At the DNL, we study brain function in both health and disease. Our emphasis in cognitive neuroscience is on attention and working memory. A better understanding of these processes in healthy subjects can guide clinical studies in aging, dementia, schizophrenia, and autism.

Pathophysiology of Acute Stroke
As an example of how brain dynamics can reflect pathophysiology, we describe a recent study aimed at detecting acute cerebral ischemia. Dense-array (128-channel) EEG data were collected from 10 subjects, presenting in the emergency room with signs of recent stroke.

Historically, analysis of EEG on paper charts looked for abnormal patterns, such as oscillations of a particular frequency or epileptic spikes. Later the estimation of frequency content was automated with Fourier transform and wavelets. But the question remains: How best to characterize EEG time series? This question is of theoretical interest, because it queries the nature of the EEG signal, and therefore the dynamics of large neural populations. It is also of practical interest, because the huge data sets produced by dense sensor arrays are too labor-intensive to analyze by eye. Furthermore, the eye may miss patterns in the data, which suitable algorithms might readily detect.
The brain is obviously a complex system and, like most complex systems, it exhibits a very broadbanded power spectrum, i.e., Fourier analysis reveals all frequencies contributing significantly. While it is tempting to look for dominant peaks and interpret them as resonances of an approximately linear system, such an approach is not necessarily suitable for complex nonlinear data. An alternative approach is to quantify fluctuations across a range of time scales, and look for patterns in the data that are independent of scale. This is akin to the familiar fractal analysis, but applied to a time series rather than a static geometric object.

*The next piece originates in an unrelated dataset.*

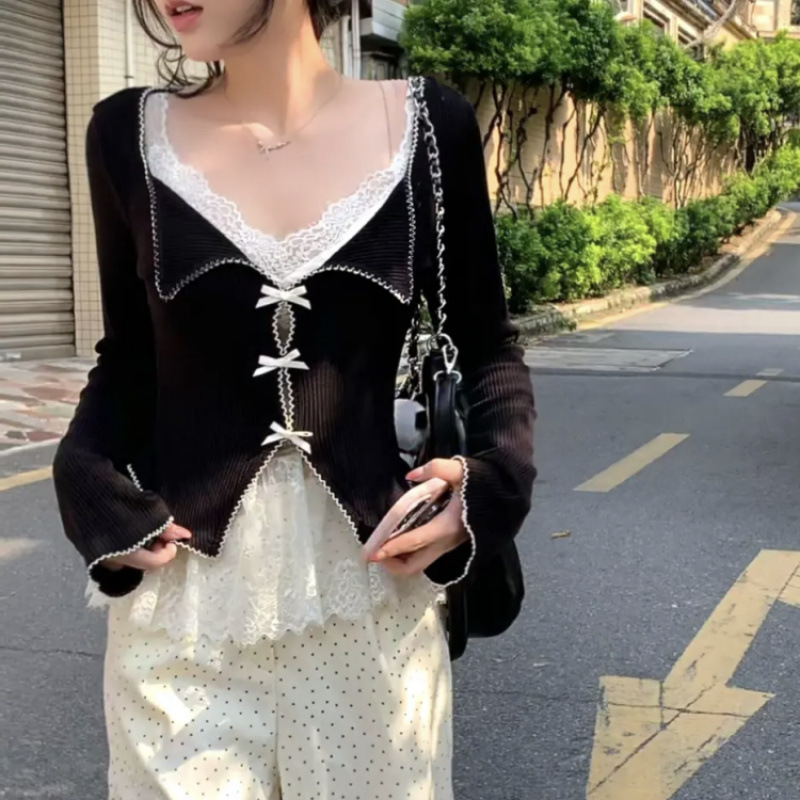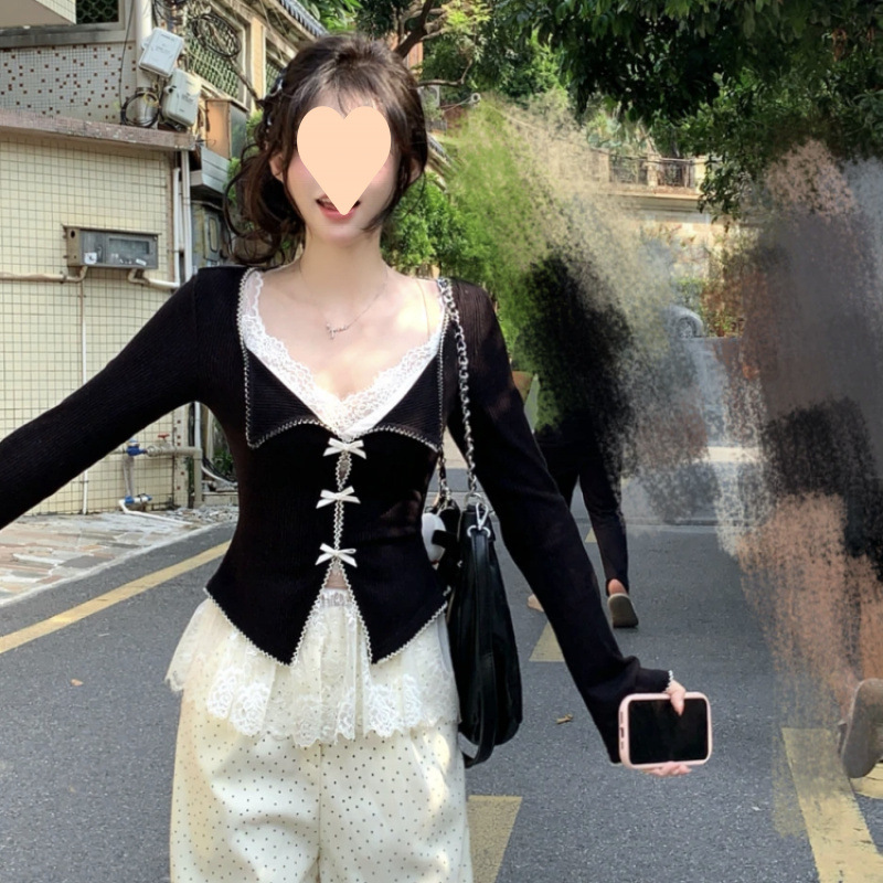 스파이스 걸스 세트 활 긴팔 니트웨어 여성용 이른 봄 레이스 카미솔 캐주얼 웨이브 도트 바지스토어 가기

In a study of 10 stroke patients and 18 normal control subjects, we found that with few exceptions 10- second segments of resting EEG may reasonably be described with just two dimensionless parameters, called scaling exponents [Hwa and Ferree (2002), Physical Review E 66: 021901]. In addition to theoretical underpinnings suggesting that scaling exponents might be natural for describing the EEG, this parameterization has practical advantages for comparing across data channels and across subject groups.

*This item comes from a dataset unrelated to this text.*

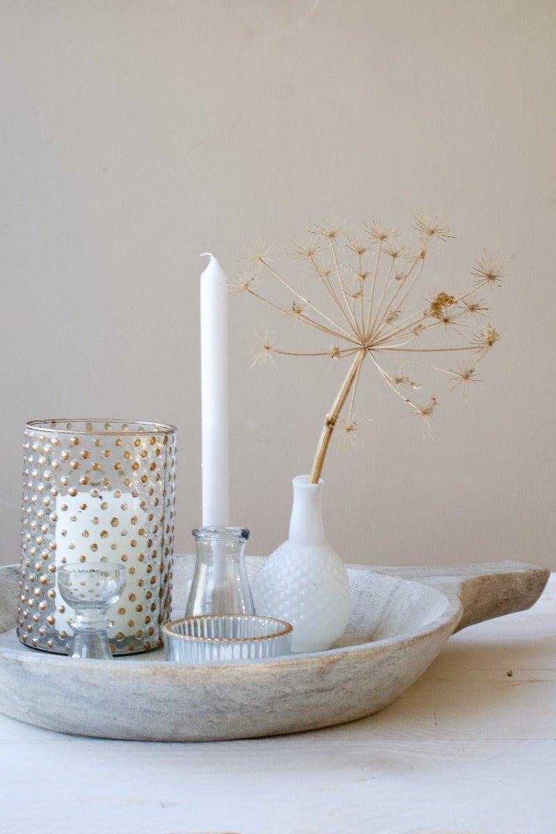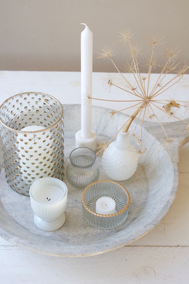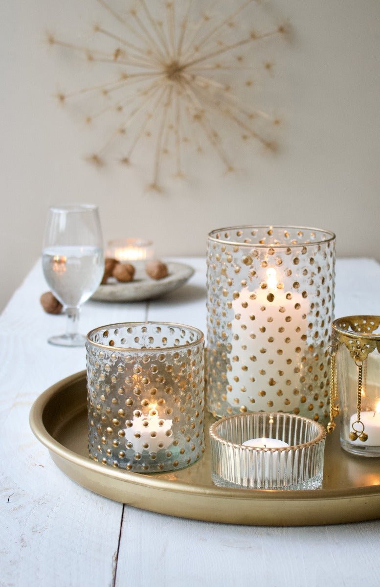 This large tealight holder is expertly handcrafted from glass, featuring meticulously handpainted golden dots and a refined gold-colored rim. Its elegant design adds a sophisticated touch to any setting, creating a warm, inviting ambiance while showcasing artisanal quality and attention to detail. Ideal for enhancing your décor with subtle luxury.
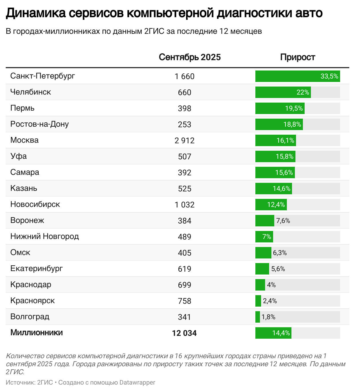 В России за год в городах-миллионниках выросло число сервисов компьютерной диагностики авто на 14%. В пятерку мегаполисов с наибольшим приростом вошли Санкт-Петербург, Челябинск, Пермь, Ростов-на-Дону и Москва, следует из данных геосервиса 2ГИС.

Figure 4. Modern dense-array (128-channel) clinical EEG system. Application time is under 10 minutes. [Photograph and EEG data courtesy of Electrical Geodesics, Inc., Eugene, OR.]

Using this method, the resting EEG for each of 28 subjects was reduced to 128 pairs of scaling exponents. It seems intuitive that a brain lesion like a stroke might change the distributions of the scaling exponents over the scalp. By considering the mean, variance, and higher moments for each subject, we were able to derive a direct physiological measure of brain function, called S, which linearly separates the two subject groups (Figure 5). This is a novel and remarkable step in data reduction, anticipated only by the general observation that many complex systems exhibit scale-independent behavior of some sort.


Figure 5. The number of subjects with stroke score S. Open bars are 17 normal control subjects; filled bars are 9 acute stroke patients; scaled bar shows overlap of one subject from each group.

We have half-jokingly likened our stroke measure S to the body temperature T, because it serves a similar clinical purpose. In both cases, many poorly understood physiological processes contribute to the measure, yet knowing just this one number can inform a physician about the likelihood of pathology.